The container runs fine for a while (about 40 hours) then starts failing its dns lookups with timeout messages: the application logs show failures against the docker dns server:
Caused by: java.net.UnknownHostException: failed to resolve 'alfresco.test.duf'
at io.netty.resolver.dns.DnsResolveContext.finishResolve(DnsResolveContext.java:1013)

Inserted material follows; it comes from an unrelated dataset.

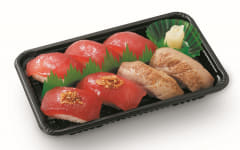 そのほか、天然めばちまぐろの赤身、炙り、漬けが味わえる「天然まぐろ三味(さんみ)ちらし重」や、赤身にぎり、炙りにぎり、ガーリックの風味を加えた「ザクザク醤油にぎり」が楽しめる「天然まぐろにぎりづくし」も登場する。

at io.netty.resolver.dns.DnsResolveContext.tryToFinishResolve(DnsResolveContext.java:966)
at io.netty.resolver.dns.DnsResolveContext.query(DnsResolveContext.java:414)
at io.netty.resolver.dns.DnsResolveContext.access$600(DnsResolveContext.java:63)
at io.netty.resolver.dns.DnsResolveContext$2.operationComplete(DnsResolveContext.java:463)
at io.netty.util.concurrent.DefaultPromise.notifyListener0(DefaultPromise.java:578)
at io.netty.util.concurrent.DefaultPromise.notifyListeners0(DefaultPromise.java:571)
at io.netty.util.concurrent.DefaultPromise.notifyListenersNow(DefaultPromise.java:550)
at io.netty.util.concurrent.DefaultPromise.notifyListeners(DefaultPromise.java:491)
at io.netty.util.concurrent.DefaultPromise.setValue0(DefaultPromise.java:616)
at io.netty.util.concurrent.DefaultPromise.setFailure0(DefaultPromise.java:609)
at io.netty.util.concurrent.DefaultPromise.tryFailure(DefaultPromise.java:117)
at io.netty.resolver.dns.DnsQueryContext.tryFailure(DnsQueryContext.java:225)
at io.netty.resolver.dns.DnsQueryContext$4.run(DnsQueryContext.java:177)
at io.netty.util.concurrent.PromiseTask.runTask(PromiseTask.java:98)
at io.netty.util.concurrent.ScheduledFutureTask.run(ScheduledFutureTask.java:170)
at io.netty.util.concurrent.AbstractEventExecutor.safeExecute(AbstractEventExecutor.java:164)
at io.netty.util.concurrent.SingleThreadEventExecutor.runAllTasks(SingleThreadEventExecutor.java:472)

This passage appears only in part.